As time progressed, I began to understand my lack of commitment came from not physical weight restoration, but from the emotional blockage in my mind.

Breaking free from social isolation and from my perception of others’ expectations have been two areas in my life I have had the hardest time overcoming. Shattering these walls has been an ongoing task.

My support system at school and my family, especially my older  sister, have helped me the most.

As the younger sister, I am always looking up to her for guidance and I still copy everything she does. Seeing her be active, lively, and free in all areas of her life has helped me in the struggle to break these fences I built. Her motto of “never giving up” forces me to see past my own thoughts and back to the external world, the world I am just a small part of where it is my responsibility to be fully committed to being active.

Being  social is not easy for me. I find comfort in staying at home on the weekends, ignoring friend’s messages to go out for dinner or drinks.

With anorexia, the excuse of being too tired became an easy cop-out.

However, when I started to step outside my shell and interact with others, I finally realized how selfish anorexia was and how it had restrained me to my own head.

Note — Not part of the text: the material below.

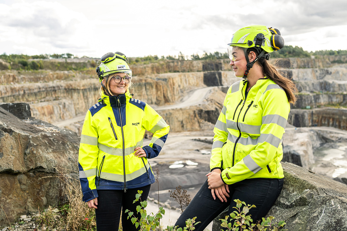 Amanda och Hanna jobbar på NCC:s största och mest moderna bergtäkt. Den ligger i Södra Sandby utanför Lund, ett av få områden i Malmö-Lundregionen där det finns tillgång på tillräckligt bra berg för att tillverka stenmaterial till allt som byggs. Amanda började som trainee för några år sedan och arbetsleder nu åtta personer, en av dem är Hanna som kör lastare.

Although it is very hard to break out of the routine of saying “no” when a friend calls me up to grab some coffee, it is these spontaneous drives and 6:00 cookie dates that bring a smile to my face. These memories help me remember I have a future completely free from anorexia.

Saying “I can” and “I will” instead of “I can’t” and “I shouldn’t” has allowed me to partake activities I had only ever dreamed of doing.

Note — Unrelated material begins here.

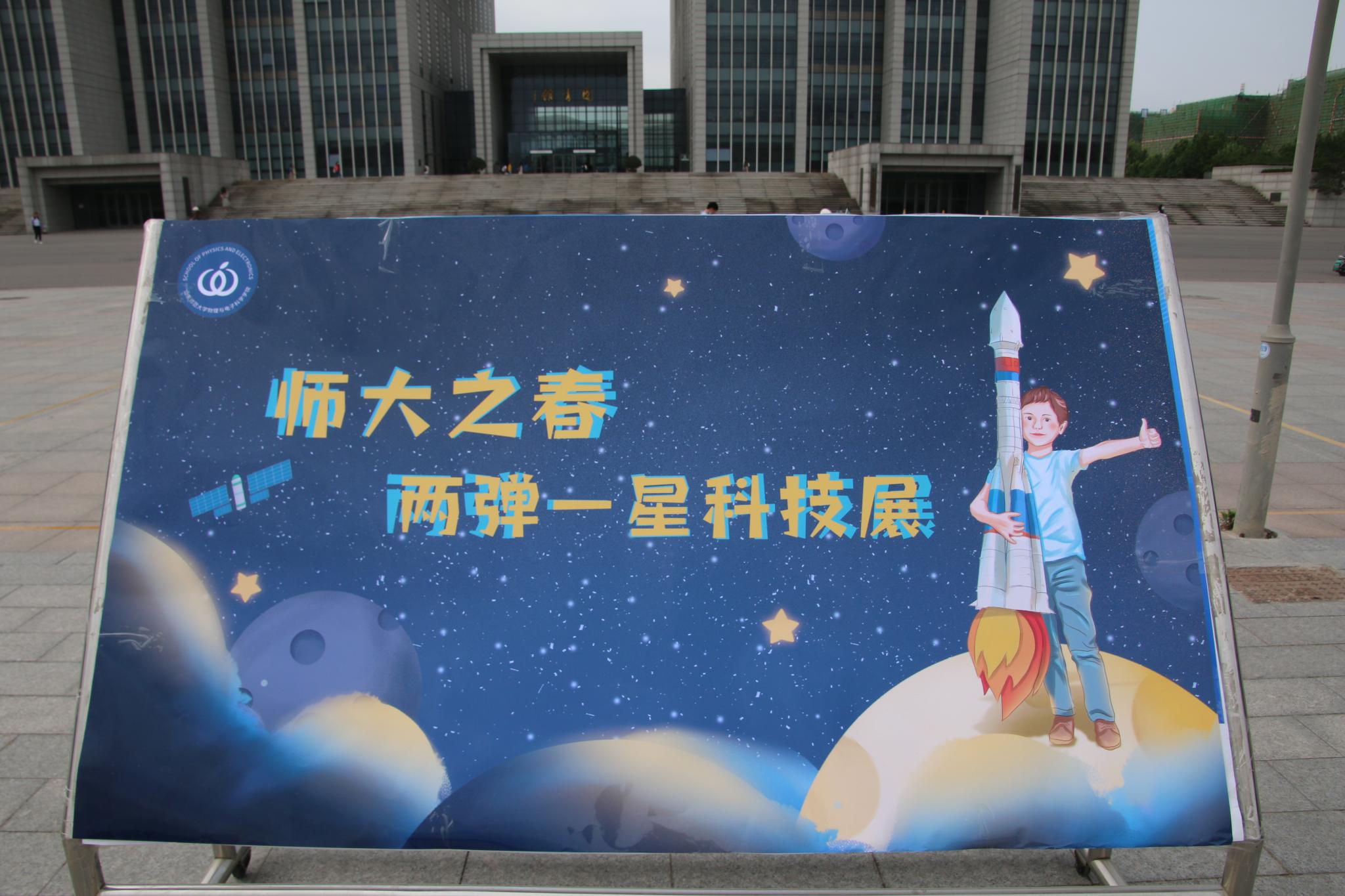 为讲好两弹一星故事、弘扬两弹一星精神,促进理论知识转化为实践操作,5月9日,物理与电子科学学院“师大之春——两弹一星科技展”水火箭大赛于天颐广场隆重举行,活动吸引三百余人参加。本次大赛分为初赛和决赛两部分进行。在上午的初赛中,96组参赛小组共分为九轮十一轨道,在主持人与志愿者的主持下依次有序进行水火箭发射。每组均有两次发射机会,当火箭通过40米水平距离后,即有资格进入决赛。赛前,各组成员在比赛轨道内...

By continuously challenging my thoughts, I see each day as an opportunity for growth.

Breaking the mental barrier of needing to please everybody and living up to imagined expectations is another ongoing process. A friend recently told me: “Who cares if they don’t like you…don’t conform to anybody. Stay honest and true to yourself.” As I continue to abide by these words, I have been discovering who I am, what my core values are, and what I enjoy doing.

This is what I believe full recovery means: to break the mental and emotional barriers we have built through the years of isolation with our illnesses.

We reclaim our lives in claiming control over the illness, refusing to be a victim, and refusing to give into its whims.

There’s not going to be enough time to do all the things we want to do. We have to prioritize and choose what we want, which is why breaking free from the structured routines and rituals is integral in full recovery.

Breaking free from isolation has allowed me to make friends, connect with people, and be a part of a community.

Shattering fictitious expectations allows me to relax, enjoy each second and wake up each morning with a smile.

My life has endless possibilities I could only dream of holding one day. No longer do I feel constricted by rules and regulations set by my mind.